El nuevo escenario y la ausencia del ciudadano

En Cuba la concurrencia entre el fracaso del modelo totalitario, el envejecimiento de sus gobernantes y el restablecimiento de las relaciones diplomáticas con Estados Unidos tendrá un fuerte impacto en la sociedad. Para que ese impacto resulte positivo se requiere la presencia de un factor ausente: el ciudadano. Si esta tesis remite a la pregunta de cómo es posible que en un país de cultura occidental con una destacada historia de luchas no exista el ciudadano, la respuesta nos conduce a un fenómeno complejo que demanda más atención de la que hasta ahora se le ha brindado.

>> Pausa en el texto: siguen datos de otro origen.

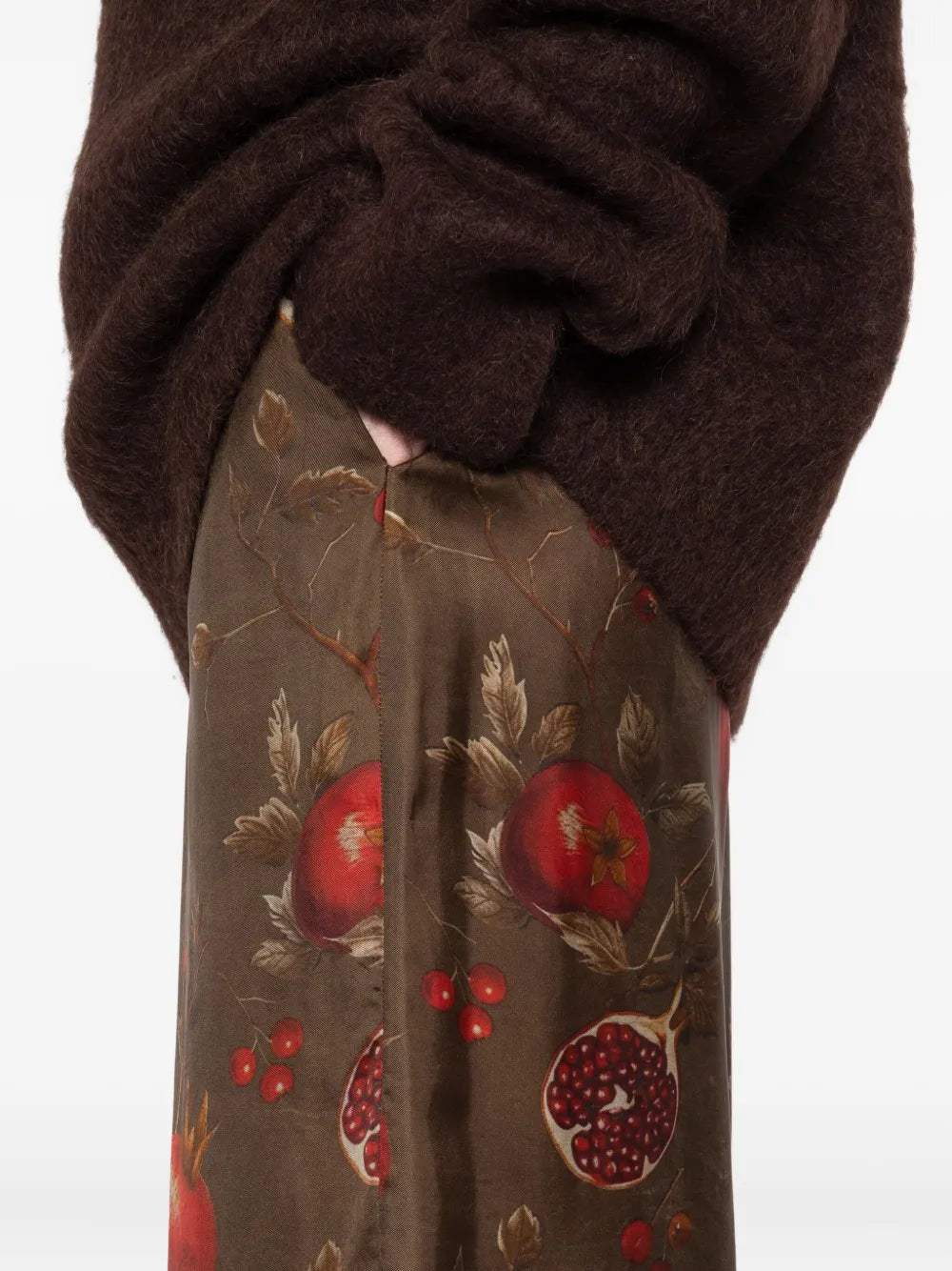 Pomegranate Print Pants Origin: Italy Features Brown Pomegranate print Elastic waist High waist Straight hem Composition 50% viscose, 50% cupro Washing Instructions Hand wash ID UP3001

La causa más inmediata —no la única— está en el desmontaje de la sociedad civil que tuvo lugar en Cuba en los primeros años de poder revolucionario y en su posterior institucionalización. La formación cívica —cimiento del ciudadano— se inició en Cuba en 1821 por el padre Félix Varela[1], quien al asumir la dirección de la Cátedra de Constitución en el seminario San Carlos, la definió como "institución de la libertad y de los derechos del hombre" y la concibió como un medio "para enseñar virtudes cívicas". Su obra fue continuada por José de la Luz y Caballero[2], quien arribó a la conclusión de que "antes de la revolución y la independencia, estaba la educación"y desde esa visión concibió el arte de la educación como premisa de los cambios sociales. Esa misión fue continuada por varias generaciones de educadores y pensadores cubanos hasta la primera mitad del siglo XX.

La sociedad civil cubana, que emergió resultado del Pacto del Zanjón en 1878, desempeñó un importante papel en los problemas político-sociales de la República. La Protesta de los Trece; las luchas campesinas de San Felipe de Uñas, del Realengo 18 y Ventas de Casanova; el movimiento huelguístico que derrocó la dictadura de Gerardo Machado, las luchas estudiantiles por la autonomía universitaria y la derogación de la Enmienda Platt; la Asamblea Constituyente que dio a luz la Constitución de 1940 y las luchas contra el Golpe de Estado de 1952, entre otros así lo demuestran. El desarrollo logrado por la sociedad civil fue expuesto por Fidel Castro durante el juicio por el Asalto al cuartel Moncada, donde dijo: "Había una vez una república. Tenía su Constitución, sus leyes, sus libertades; Presidente, Congreso, Tribunales; todo el mundo podía reunirse, asociarse, hablar y escribir con entera libertad. El gobierno no satisfacía al pueblo, pero el pueblo podía cambiarlo y ya sólo faltaban unos días para hacerlo. Existía una opinión pública respetada y acatada y todos los problemas de interés colectivo eran discutidos libremente. Había partidos políticos, horas doctrinales de radio, programas polémicos de televisión, actos públicos y en el pueblo palpitaba el entusiasmo."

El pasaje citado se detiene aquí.